B1rd wrote:
The only explanation Tom has given for why he hasn't done this is that it would 'make repeat sliders OP' without giving any further explanation about why this is the case.
I wouldnt think this actually needs any further explaination, but okay, ill give you a few examples and explain.
Using extetreme slidervelocity as example. x3.5 for both sliders.
Okay we have a looong and weird slider and a repeatslider which is just as long but you can hold it comfortably at the middle.
The black line is how actual gameplay might look.
The blue line is the current algorythm, assume minimal movement.

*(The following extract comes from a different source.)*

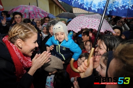 - DERNEK BAŞKANI ÜNLÜ SANATÇI GÜLBEN ERGEN, AÇILIŞ TÖRENİ İÇİN KENDİSİNİ YAĞMUR ALTINDA BEKLEYEN VE TÖREN SIRASINDA DA ISLANAN MİNİKLERİ GÖRÜNCE PROTOKOL ÇADIRI YERİNE TÖRENİ YAĞMUR ALTINDA ÇOCUKLARLA BİRLİKTE İZLEDİ

As you can see, the first weird slider more or less plays like a circle for this algorythm, which underrates it greathly. However the Movement for the repeat slider matches the movement from actual gameplay almost perfectly, as it should.
The other extreme, "perfect" movement is exactly as the slider is mapped, in green.

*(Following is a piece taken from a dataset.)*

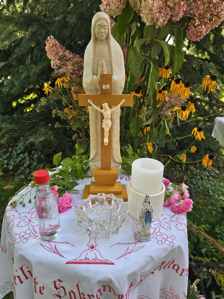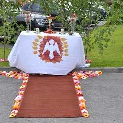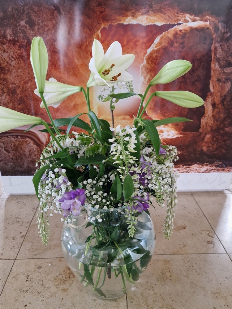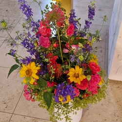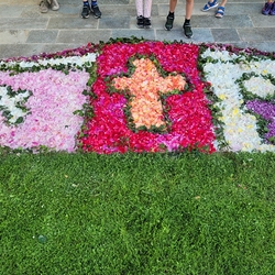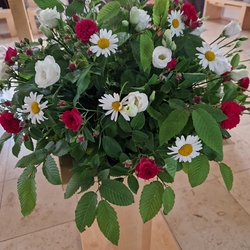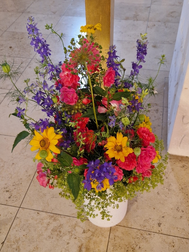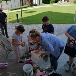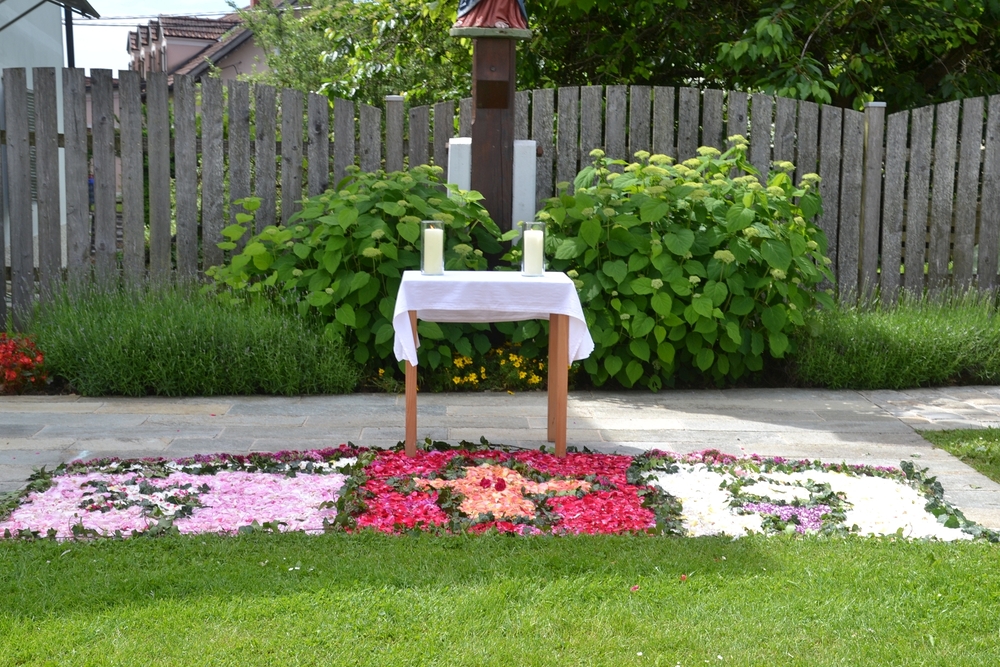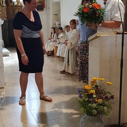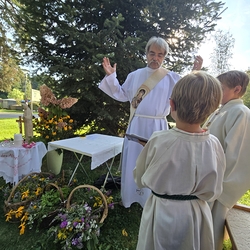 Im Zentrum der schön gestalteten Feier standen ein Taufgedächtnis mit Weihwasserritus, ein Evangelium (Mt, 6, 26-33), Blumentexte (in denen man sich mit der einen oder anderen Blumenbeschreibung ganz gut identifizieren konnte), Dankesworte sowie Fürbitten.

Look at the long slider, its great! The algorythm sees that this slider is hard as f, overrates it a bit though. Then... oh... my... god. The repeat slider seems just as hard for this algorythm, overrating it to space and beyond. It seems several magnitudes harder than it actually plays.
Then the last line in orange assumes some medium. (i assumed medium as half of the current slider followcircle diameter, and then used shortest movement possible on that, which is how a program could do it)
The long slider looks okay. Gets close to actual gameplay. However the repeat slider still seems several magnitudes harder than what it plays like. Whats worse, it actually might seem harder than the long slider to the algorythm, absoulutely unacceptable.
Now you might think, what if we assume minimal movement if there are repeats present and else use medium movement... well that would solve this situation but got other problems in itself, not all sliders with repeats are like those hold sliders, which would mean we just pushed the problem to other sliders instead of solving it.